For an arbitrary metric on $\mathbb{R}^2$ that generates the Euclidean topology, the set of all points equidistant from $2$ distinct points does not necessarily have to be "one-dimensional".

Consider the metric $d(p,q)=\min\{\|p-q\|_2,1\}$ where $\|(x,y)\|_2=\sqrt{x^2+y^2}$ is the Euclidean norm. Do convince yourself that this is a metric. (non-negative, non-degenerate, symmetric, triangle inequality) However, for any two points, there is only a bounded (in the sense of the Euclidean metric) set of points that are not equidistant from them.

Norms

Even if we require our metric to be induced from a norm, the set of equidistant points does not have to be "one-dimensional".

Consider the norm $\|(x,y)\|_\infty=\max\{|x|,|y|\}$. Do convince yourself that this is a norm. (non-negative, non-degenerate, scaling, triangle inequality) However, if we take the points $(1,0)$ and $(-1,0)$ then all points $(x,y)$ with $1-y\leq x\leq1+y$ are equidistant from $p$ and $q$.

Strictly convex norms

However, if we require our metric to be induced from a strictly convex norm, then we can prove that the set of equidistant points is homeomorphic to $\mathbb{R}$. Strictly convex means there is no line segment in the unit sphere. Algebraically, for all $p\neq q$ with $\|p\|=\|q\|=1$ we have $\|p+q\|<2$. Examples of strictly convex norms are all $p$-norms for $1<p<\infty$.

Proof (Not very rigorous, but hopefully convincing enough.)

Let $\|\cdot\|$ be a strictly convex norm on $\mathbb{R}^2$ and let $p\neq q\in\mathbb{R}^2$. Define $s:=\|p-q\|$.

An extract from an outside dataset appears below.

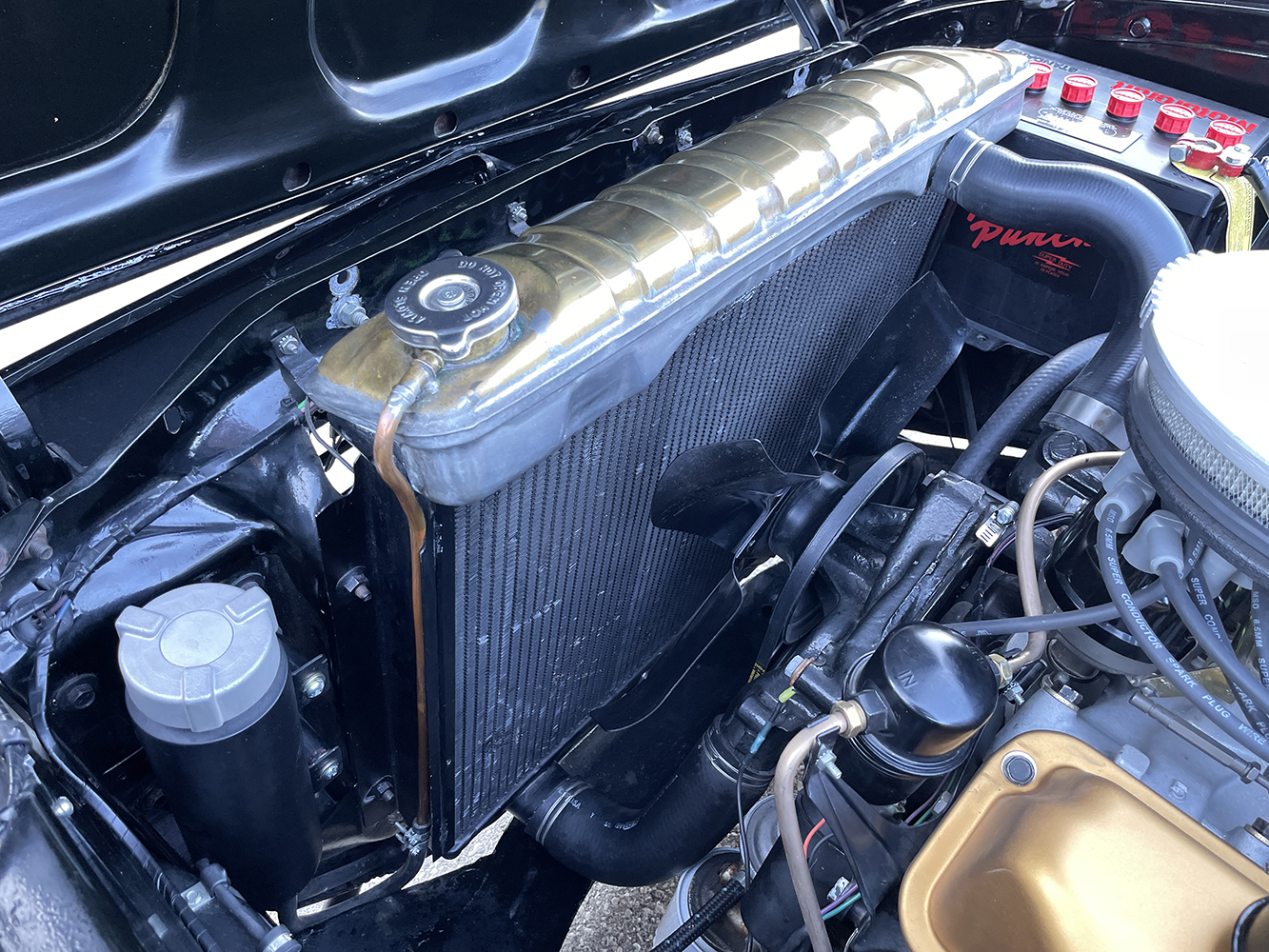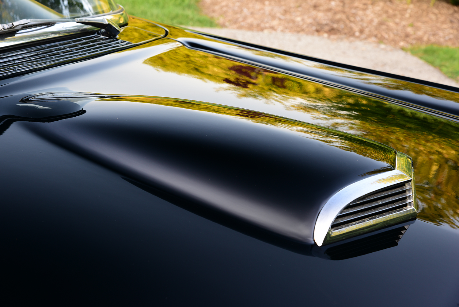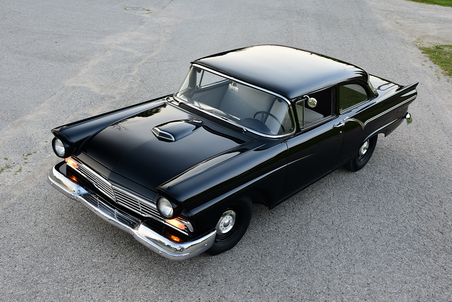 Originally built at Ford’s production facility in Dallas, the years of abuse took its toll on the vintage steel, making it obvious that it was time for an entire strip down to determine where attention was needed to bring it back to life. Purcell identified all the weak points and started the rebirth with freshly struck panels from EMS Automotive, including lower quarter-panels, lower fenders and doors, inner and outer rockers, and fabricating custom dogleg replacement panels. Wanting to give the car a signature look, Jeff had Purcell add a fully functional 1957 Ford Thunderbird air scoop to complete the transformation. To bring it to the next level, club member Tom Bedo and his team at Bodymotive Services in Arthur, Ontario, Canada, completely metal-finished the body while setting all the gaps to perfection. Bedo then laid down the dramatic coating of PPG Midnight Black vibe.

Claim 1 For all $r\geq\frac{s}2$ on each side (non-strict) of the line through $p$ and $q$ there is exactly one point equidistant from $p$ and $q$ with distance $r$.

Proof of Claim 1 Assume for the contrary that there are two distinct points $a$ and $b$ to the right of the line through $p$ and $q$, both equidistant from $p$ and $q$ with the same distance $r$. We then find that all of the points $p-a$, $p-b$, $q-a$ and $q-b$ and their inverses lie in the sphere of radius $r$. However, all of the line segments $(p-a)(p-b)$, $(q-a)(q-b)$, $(b-p)(a-p)$ and $(b-q)(b-q)$ are different, are parallel, and have the same length. We are forced to conclude there is a line segment inside the sphere of radius $r$. This proves Claim 1.

Notice that from the triangle inequality it follows that for $r<\frac{s}2$ there are no equidistant points from $p$ and $q$ with distance $r$. Also notice that there is a unique point on the line through $p$ and $q$ equidistant from $p$ and $q$, namely $\frac{p+q}2$ with distance $\frac{s}2$. It follows that we can define a bijection $f:\mathbb{R}\to E$, where $E$ is the set of points equidistant from $p$ and $q$. Namely $f(0)=\frac{p+q}2$, $f(t>0)$ is the unique point on the right of the line through $p$ and $q$ equidistant from $p$ and $q$ with distance $\frac{s}2+t$, and $f(t<0)$ is the unique point to the left of the line through $p$ and $q$ equidistant from $p$ and $q$ with distance $\frac{s}2-t$.

I don't quite have an idea how you can rigorously prove that $f$ is continuous both ways, but this is my intuition. Since the norm is strictly convex, for all $\epsilon>0$ the spheres around $p$ and $q$ through the current equidistant point curve away from each other some $\delta>0$ units. Then changing the radius by $\delta$ can only move the intersection of the spheres $\epsilon$ units.

Final notes

Finally, I want to emphasise how important this strict convexity is. If the norm is not strictly convex, then you can always find two points $p$ and $q$ for which the equidistance space is not "one-dimensional". Just take the end points of the line segment in the unit sphere.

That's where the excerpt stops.